▸ AIM OF THE TASK: Leaving out the pictures, write out exactly each line from the line with "2025 Quinshon Judkins" through the close of the listing below.

▸ INPUT RECORDS:

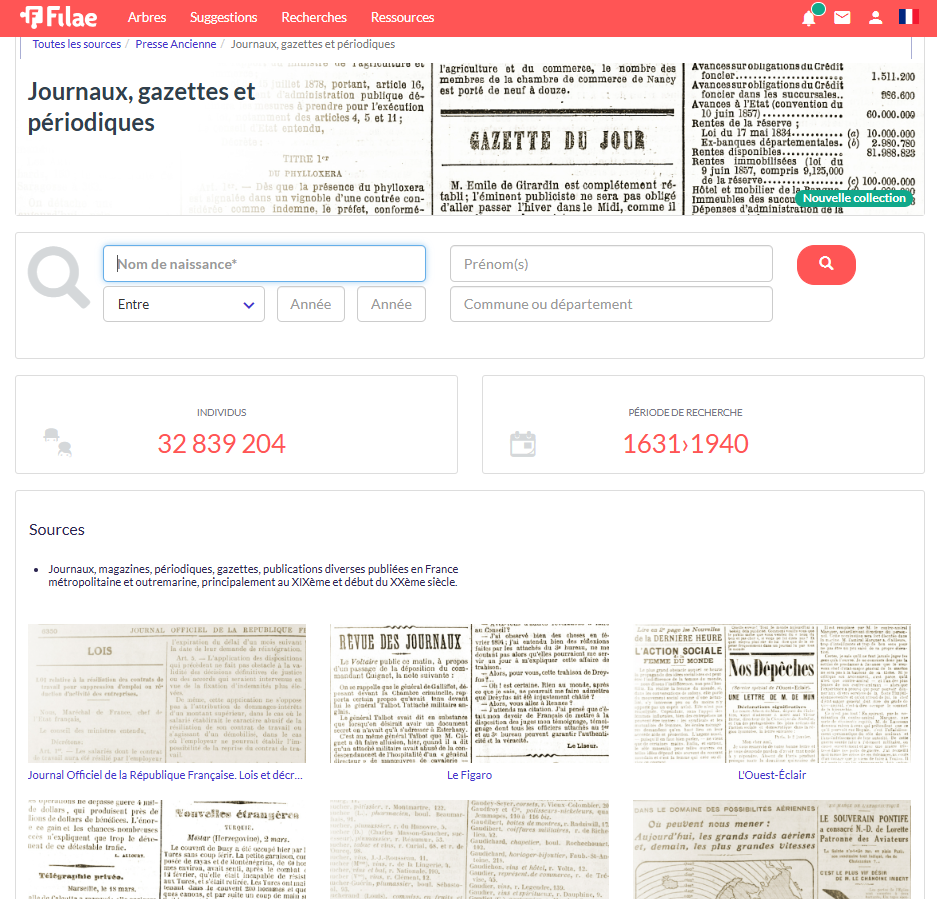Collections | Filae /ressources/ Vos origines vont vous étonner Fri, 05 Dec 2025 15:08:11 +0000 fr-FR hourly 1 https://wordpress.org/?v=6.9 Nouveauté : La presse ancienne arrive sur Filae ! /ressources/nouveaute-la-presse-ancienne-arrive-sur-filae/ Fri, 05 Dec 2025 14:56:37 +0000 /ressources/?p=15789 Nous sommes ravis de vous annoncer l’arrivée d’une nouvelle collection majeure sur Filae : la Presse Ancienne 📰. Découvrez dès maintenant la première mise en ligne de journaux, magazines, périodiques et gazettes publiés principalement au XIXème et au début du XXème siècle.
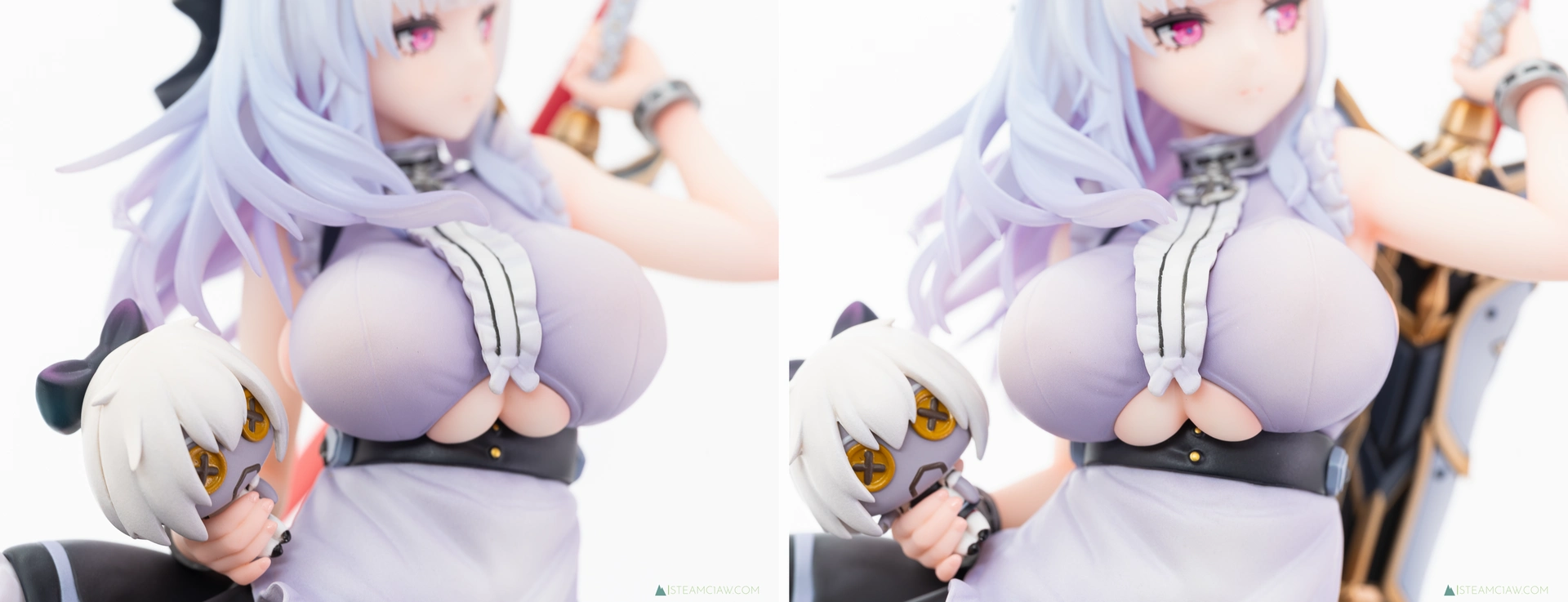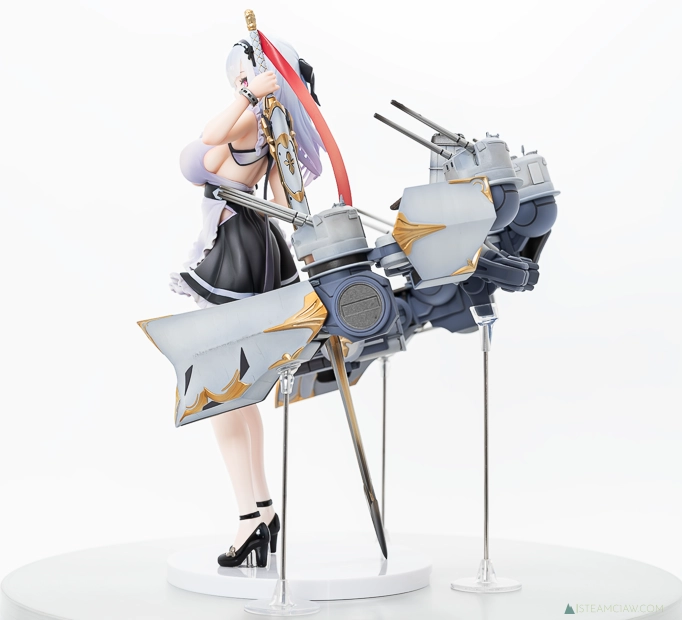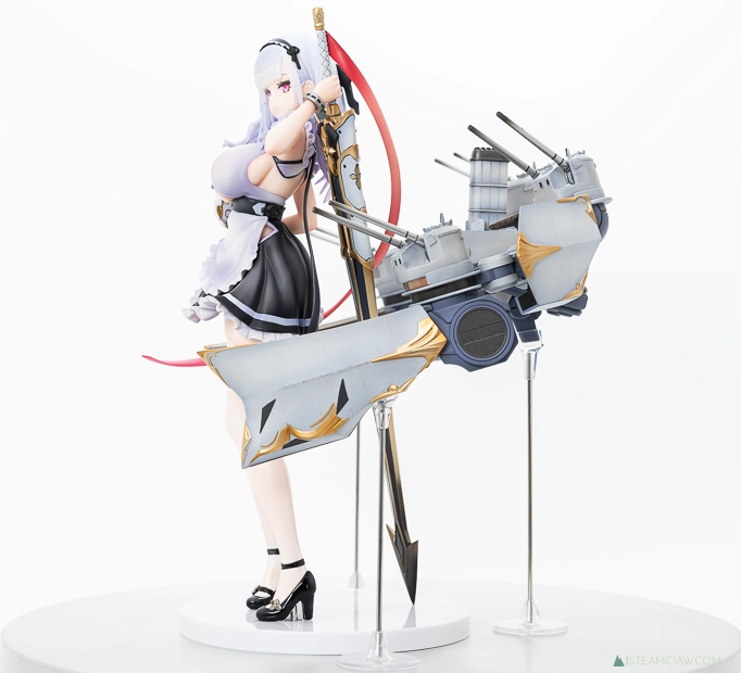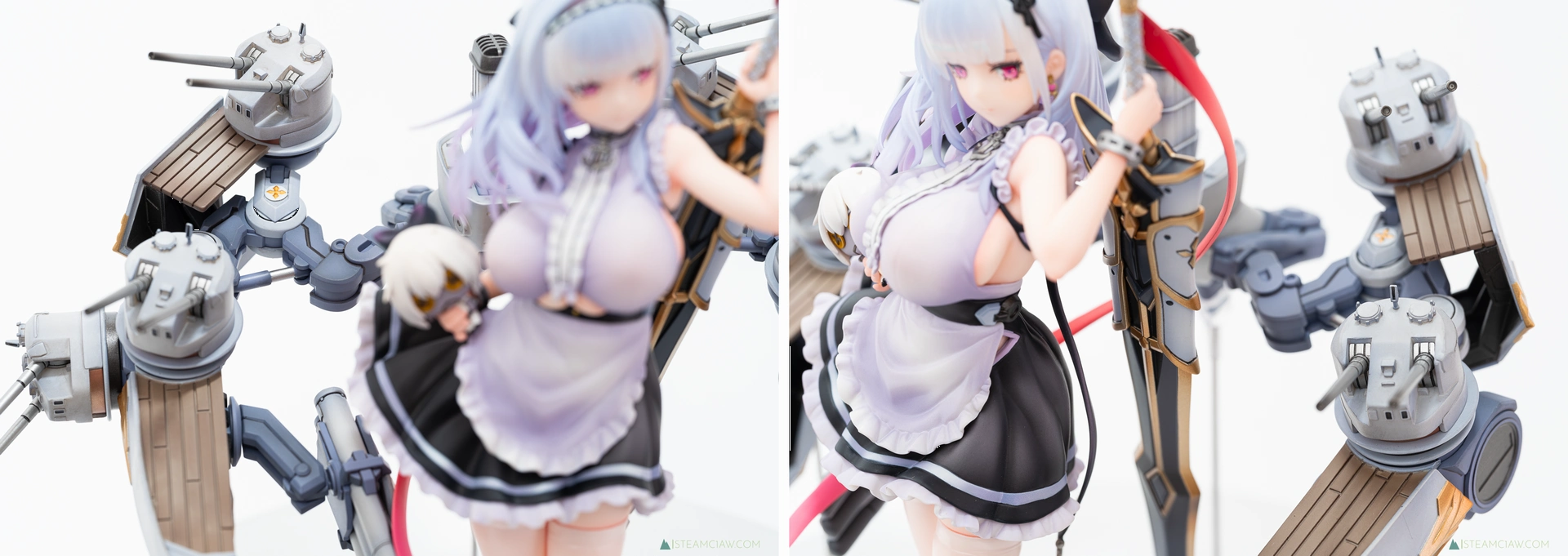 アズレンは着せ替え衣装のフィギュア化が多い作品で、特に昨今は通常衣装よりも着せ替え衣装のほうが多くフィギュア化されているくらいですが、このダイドーは通常衣装での立体化。商品名の「重装版」とは、キャラクター本体と通称「艤装」と呼ばれる兵器部分の両方が付属することを意味しており、キャラクター本体だけの「軽装版」が同時に発売されています。
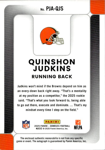 2025 Quinshon Judkins Panini Donruss ROOKIE PHENOM JERSEY AUTO 54/99 AUTOGRAPH RC #PJA-QJS Cleveland Browns
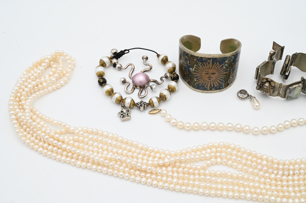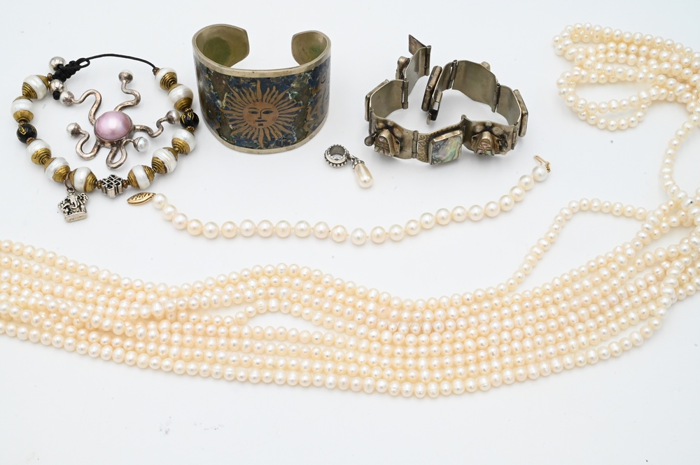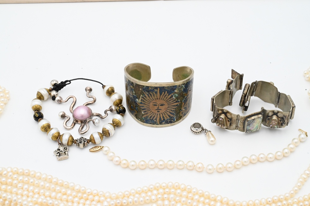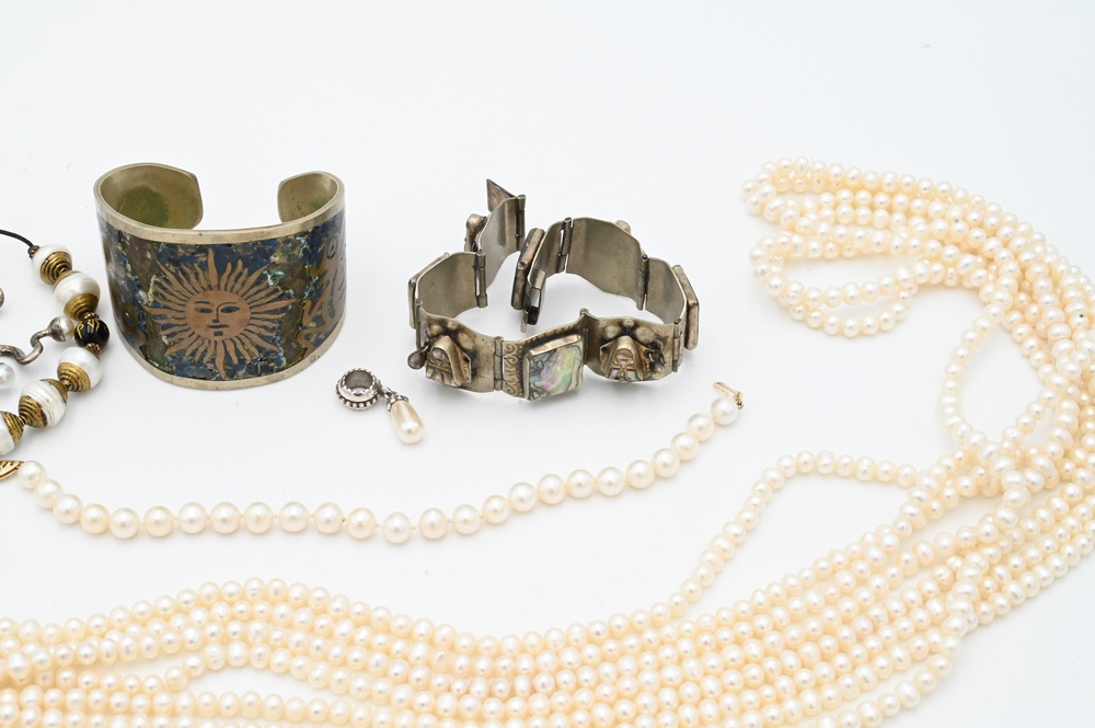 Group of Jewelry, to include two long strings of white pearls, each 100 inches long; a Taxco Mexican silver cuff (as is); sterling silver bracelet; silver pin; along with pearl bracelets.
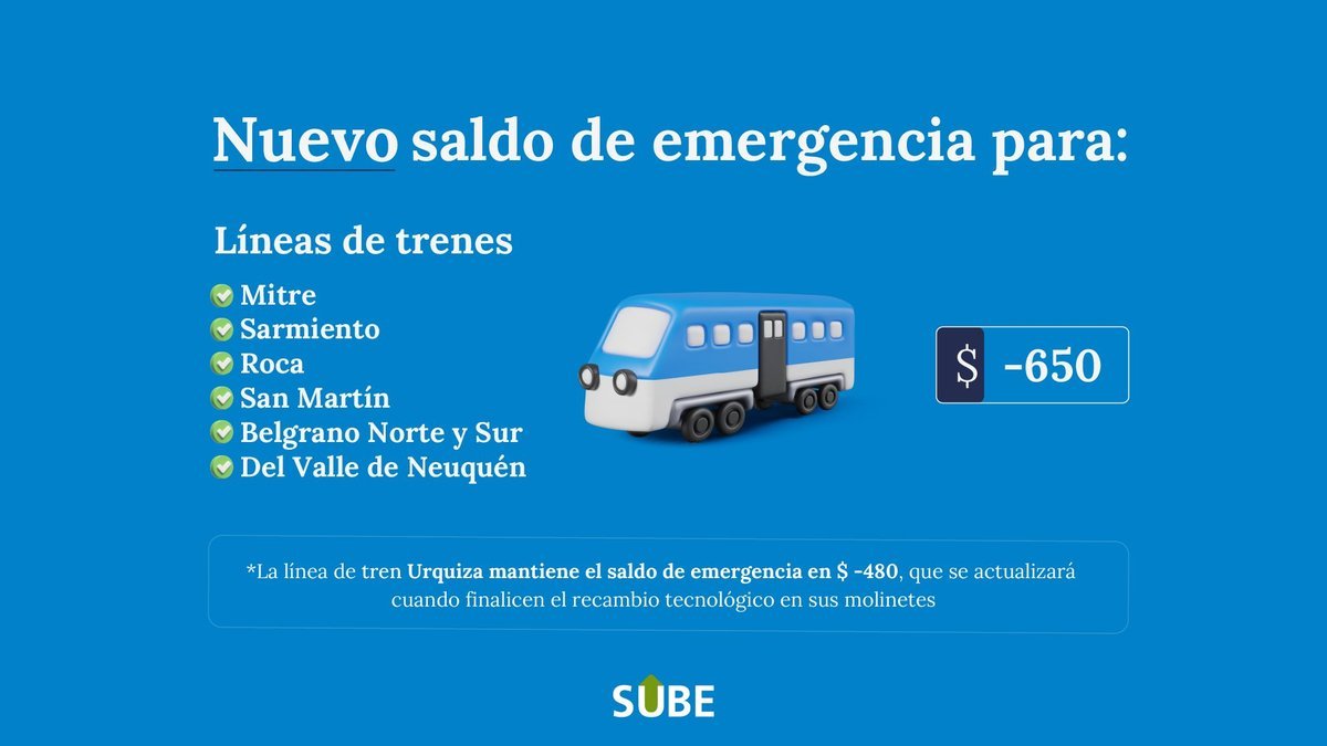 Mientras que el nuevo saldo para las líneas de trenes del AMBA (Mitre, Sarmiento, Roca, San Martín, Belgrano Norte y Sur, y el Tren del Valle de Neuquén) pasará a $ 650. Por su parte, la línea de tren Urquiza mantendrá el saldo de emergencia en - 480 pesos hasta que finalicen los trabajos de recambio tecnológico necesarios en sus molinetes.

▸ ANSWER FOR THE TASK:
 2025 Quinshon Judkins Panini Donruss ROOKIE PHENOM JERSEY AUTO 54/99 AUTOGRAPH RC #PJA-QJS Cleveland Browns
 Group of Jewelry, to include two long strings of white pearls, each 100 inches long; a Taxco Mexican silver cuff (as is); sterling silver bracelet; silver pin; along with pearl bracelets.
 Mientras que el nuevo saldo para las líneas de trenes del AMBA (Mitre, Sarmiento, Roca, San Martín, Belgrano Norte y Sur, y el Tren del Valle de Neuquén) pasará a $ 650. Por su parte, la línea de tren Urquiza mantendrá el saldo de emergencia en - 480 pesos hasta que finalicen los trabajos de recambio tecnológico necesarios en sus molinetes.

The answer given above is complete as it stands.